In a way we all travel. We travel through life coming from the past heading to the future. Sometimes we think about where to go, sometimes we don’t. Sometimes we take our past with us, sometimes we leave it behind. It’s a foolish thing -a beginner’s mistake you might say- to believe all of this is put on hold when we actually hit the road to go traveling.
I’ve found that physical travel makes us travel through life faster. We usually experience more in less time, we expand our horizont and see the world from different angles. We realise this the second we come home and see nothing has changed – but we have. A feeling most, who have left for a while know only too well.
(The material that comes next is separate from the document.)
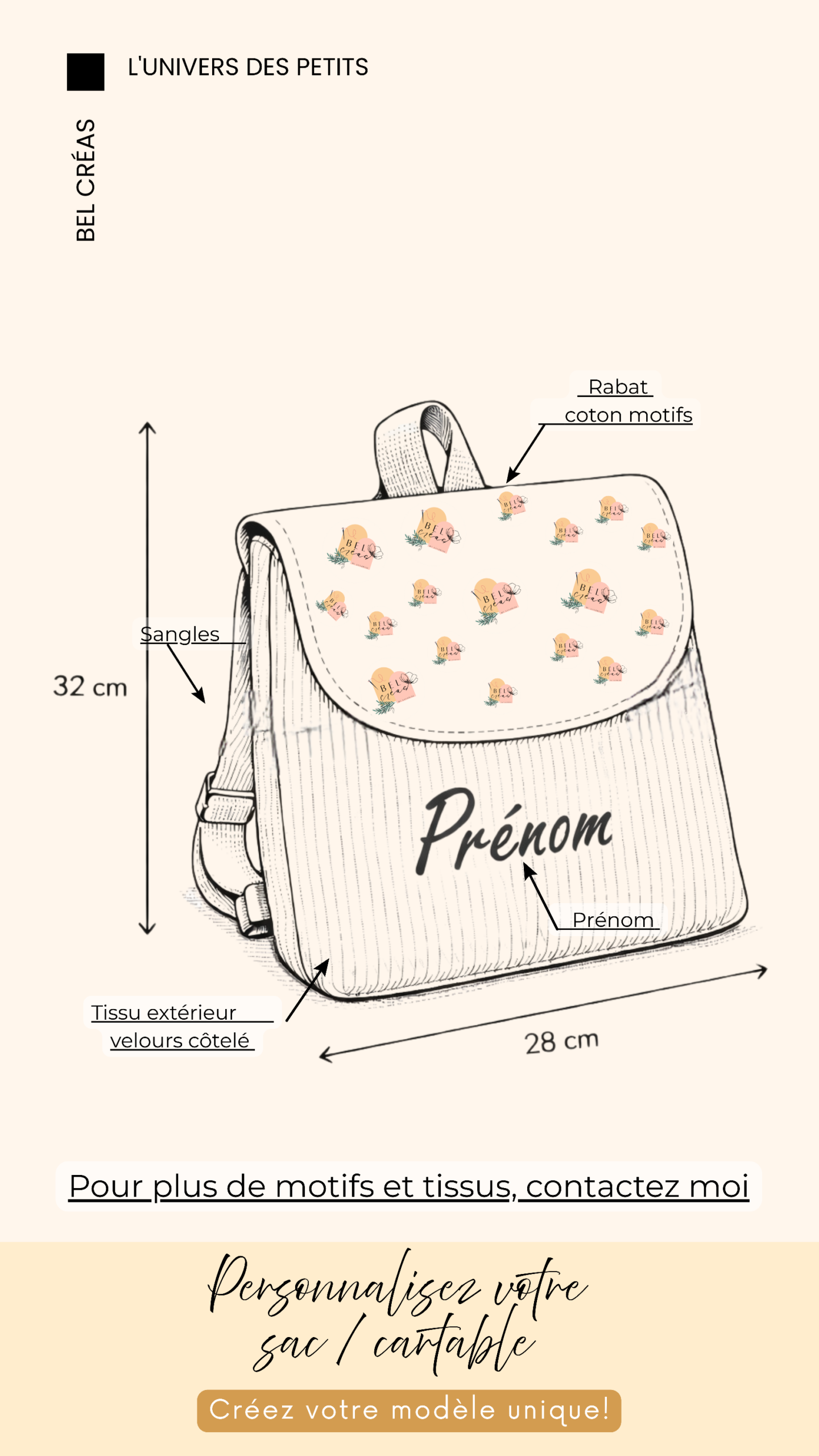 Créez votre sac cartable maternelle ou crèche personnalisé

We set off into the world to learn about others and adapt to different ways of thinking. We’re excited about it. We find ourselves stepping out of our regular patterns, leaving our comfort zone and trying new things that we wouldn’t have imagined at home. Occasionally we even pick up new habits on the road that will stick to us for years to come.
I’ve spent the last few days far away from anything really.* A nice – not paradise, but good enough – beach on a small island in Thailand that can only be reached on a boat. The family, who owns our bungalows speaks little English, but smiles a lot. It’s a good place to stay for a while and explore. There’s sea shells to be found on the beach, the ocean to watch as tide comes in and leaves again. A small island you could walk to during low tide, but I haven’t gotten around to yet. I’ve been busy doing nothing most of the time making decisions as I go. Left or right. Banana pancake or fried rice. Is it time for insect repellent or am I okay to get bitten for just a little while longer. It’s good to slow everything down every now and then.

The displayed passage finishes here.